» What you are asked to do: Below are records with pictures. Reproduce exactly the lines from the line with "3. (3 løkker på nålen), So" to the line with "Исаак Львович Аскназий. Моисей в пустыне.", inclusive, and leave each picture out.

- - -

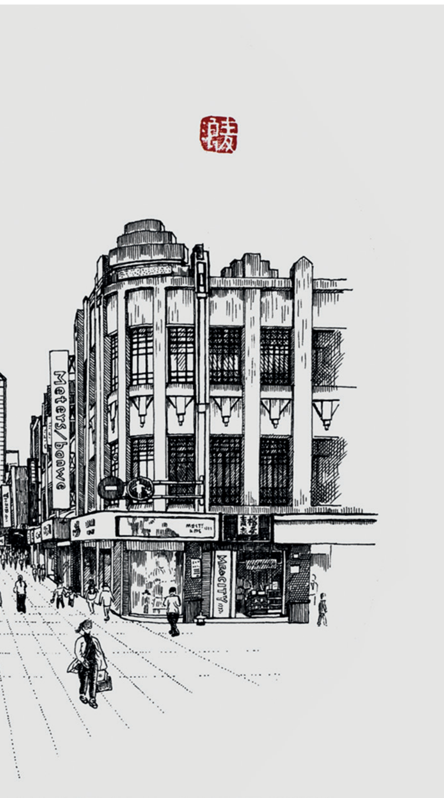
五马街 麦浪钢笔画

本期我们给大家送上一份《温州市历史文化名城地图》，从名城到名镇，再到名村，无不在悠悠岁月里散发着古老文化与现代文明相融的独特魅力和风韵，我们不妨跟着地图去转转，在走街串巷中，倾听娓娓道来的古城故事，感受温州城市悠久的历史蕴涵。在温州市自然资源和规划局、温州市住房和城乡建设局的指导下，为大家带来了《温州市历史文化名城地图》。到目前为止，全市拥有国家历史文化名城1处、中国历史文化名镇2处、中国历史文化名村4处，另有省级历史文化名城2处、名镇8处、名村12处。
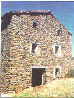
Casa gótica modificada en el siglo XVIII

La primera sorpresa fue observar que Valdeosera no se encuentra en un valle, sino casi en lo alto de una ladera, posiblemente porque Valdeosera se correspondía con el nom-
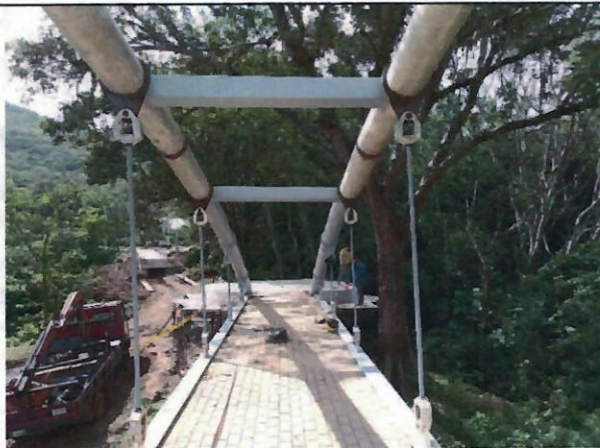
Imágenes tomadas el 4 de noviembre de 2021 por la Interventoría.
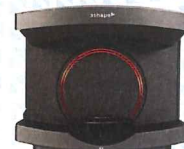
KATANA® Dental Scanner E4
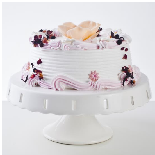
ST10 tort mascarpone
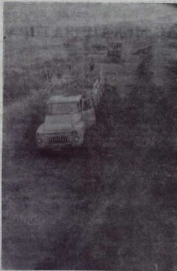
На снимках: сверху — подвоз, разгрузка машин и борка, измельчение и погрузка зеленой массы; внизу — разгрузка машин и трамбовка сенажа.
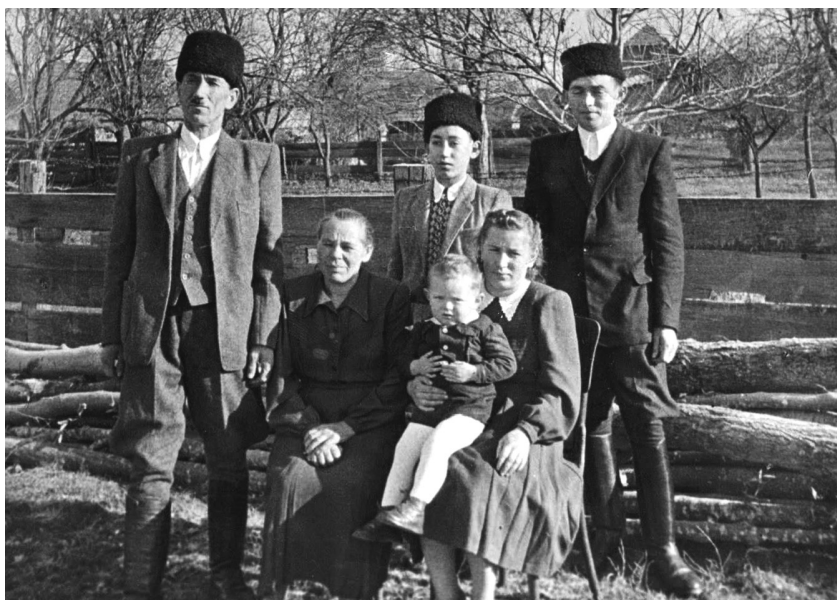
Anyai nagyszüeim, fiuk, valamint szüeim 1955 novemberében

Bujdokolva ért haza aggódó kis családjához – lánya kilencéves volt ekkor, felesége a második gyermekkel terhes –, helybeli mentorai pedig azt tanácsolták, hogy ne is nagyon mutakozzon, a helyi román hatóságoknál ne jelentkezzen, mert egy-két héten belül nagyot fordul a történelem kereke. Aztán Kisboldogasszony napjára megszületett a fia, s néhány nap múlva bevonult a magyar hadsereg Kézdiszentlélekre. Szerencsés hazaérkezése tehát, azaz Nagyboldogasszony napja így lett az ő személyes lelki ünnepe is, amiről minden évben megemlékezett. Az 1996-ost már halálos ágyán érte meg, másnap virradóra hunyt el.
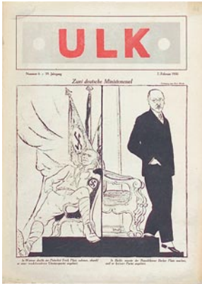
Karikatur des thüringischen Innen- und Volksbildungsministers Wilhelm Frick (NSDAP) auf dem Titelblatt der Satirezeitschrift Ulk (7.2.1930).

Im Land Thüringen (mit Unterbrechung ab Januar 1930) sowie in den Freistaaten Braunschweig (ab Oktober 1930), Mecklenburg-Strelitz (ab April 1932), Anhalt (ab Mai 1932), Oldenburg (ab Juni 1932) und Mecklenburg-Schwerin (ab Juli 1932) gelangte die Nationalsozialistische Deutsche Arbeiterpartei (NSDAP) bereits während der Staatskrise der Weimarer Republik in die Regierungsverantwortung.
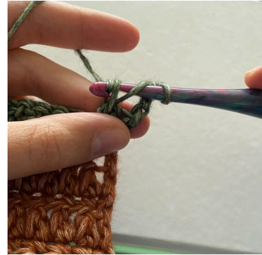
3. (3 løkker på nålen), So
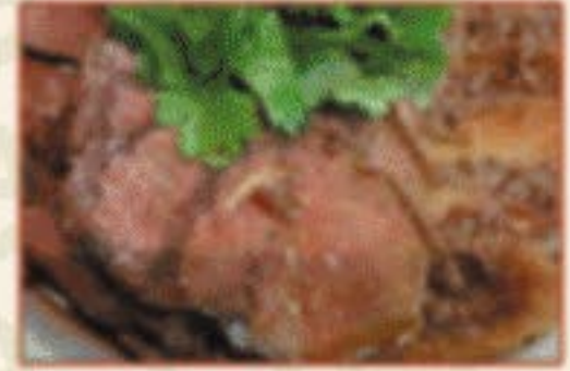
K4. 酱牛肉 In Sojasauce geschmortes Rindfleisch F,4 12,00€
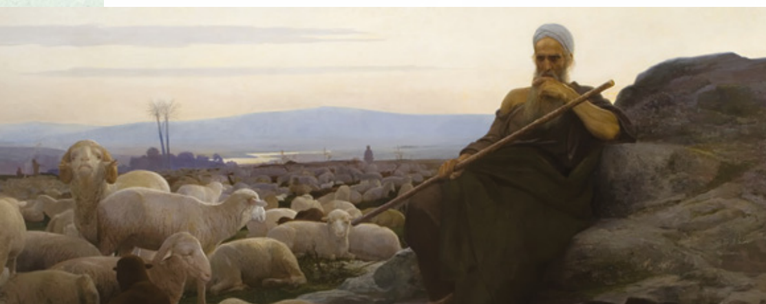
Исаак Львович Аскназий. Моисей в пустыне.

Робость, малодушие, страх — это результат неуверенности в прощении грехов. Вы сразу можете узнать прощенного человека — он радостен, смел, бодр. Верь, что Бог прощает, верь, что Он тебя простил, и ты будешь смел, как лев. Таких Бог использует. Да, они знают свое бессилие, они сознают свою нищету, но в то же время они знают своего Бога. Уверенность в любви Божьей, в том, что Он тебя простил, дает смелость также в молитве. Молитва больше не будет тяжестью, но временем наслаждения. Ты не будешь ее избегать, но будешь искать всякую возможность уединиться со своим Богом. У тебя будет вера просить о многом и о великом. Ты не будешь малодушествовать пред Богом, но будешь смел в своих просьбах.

- - -

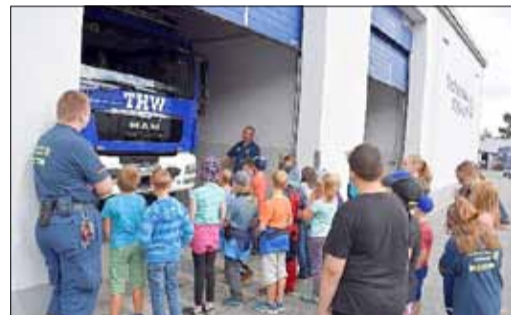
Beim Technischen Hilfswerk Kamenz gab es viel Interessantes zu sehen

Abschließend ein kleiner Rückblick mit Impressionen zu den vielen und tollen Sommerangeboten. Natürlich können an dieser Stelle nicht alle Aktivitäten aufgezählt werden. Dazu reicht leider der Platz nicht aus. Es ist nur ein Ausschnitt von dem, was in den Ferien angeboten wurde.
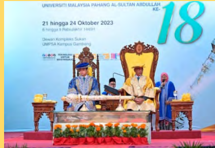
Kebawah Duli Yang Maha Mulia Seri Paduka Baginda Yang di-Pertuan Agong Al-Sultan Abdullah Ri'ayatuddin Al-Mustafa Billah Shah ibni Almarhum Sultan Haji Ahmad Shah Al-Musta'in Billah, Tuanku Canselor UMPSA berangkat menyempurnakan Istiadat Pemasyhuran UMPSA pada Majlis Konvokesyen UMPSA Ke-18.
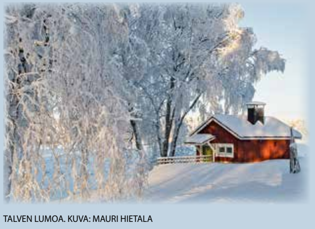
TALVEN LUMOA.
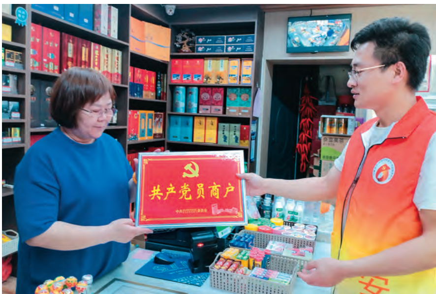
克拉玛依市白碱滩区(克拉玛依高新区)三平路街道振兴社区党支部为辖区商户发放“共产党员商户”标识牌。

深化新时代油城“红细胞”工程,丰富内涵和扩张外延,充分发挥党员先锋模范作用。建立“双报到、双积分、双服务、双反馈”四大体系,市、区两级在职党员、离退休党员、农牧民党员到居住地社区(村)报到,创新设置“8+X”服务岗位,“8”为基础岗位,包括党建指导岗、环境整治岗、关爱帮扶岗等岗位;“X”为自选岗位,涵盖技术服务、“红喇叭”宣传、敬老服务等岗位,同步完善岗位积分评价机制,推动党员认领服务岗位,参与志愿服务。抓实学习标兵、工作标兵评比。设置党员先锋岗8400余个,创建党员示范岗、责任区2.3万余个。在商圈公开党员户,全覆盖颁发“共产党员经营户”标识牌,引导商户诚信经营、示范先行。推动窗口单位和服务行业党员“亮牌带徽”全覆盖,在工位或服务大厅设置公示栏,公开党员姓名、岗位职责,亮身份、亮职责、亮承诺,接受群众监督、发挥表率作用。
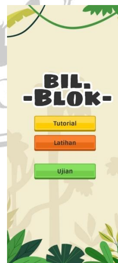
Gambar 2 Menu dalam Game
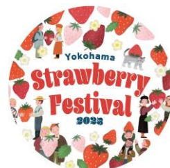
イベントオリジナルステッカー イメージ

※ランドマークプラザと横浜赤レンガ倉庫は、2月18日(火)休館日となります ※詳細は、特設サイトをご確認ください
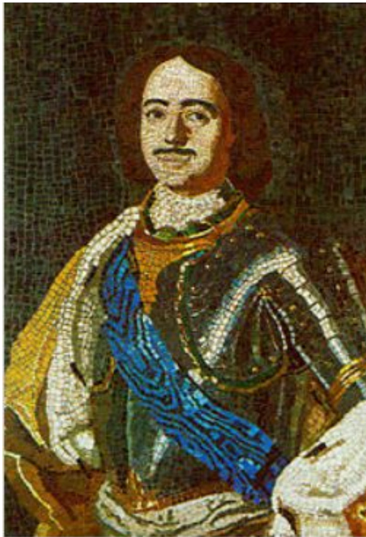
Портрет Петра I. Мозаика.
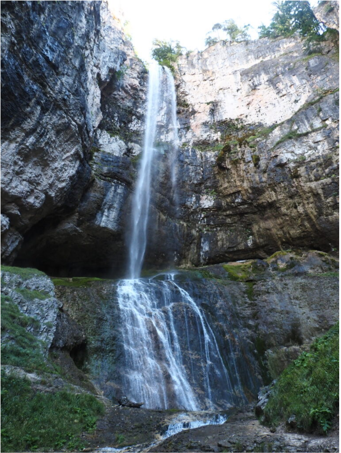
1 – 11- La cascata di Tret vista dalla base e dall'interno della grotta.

- - -

» Answer to this task:
3. (3 løkker på nålen), So
K4. 酱牛肉 In Sojasauce geschmortes Rindfleisch F,4 12,00€
Исаак Львович Аскназий. Моисей в пустыне.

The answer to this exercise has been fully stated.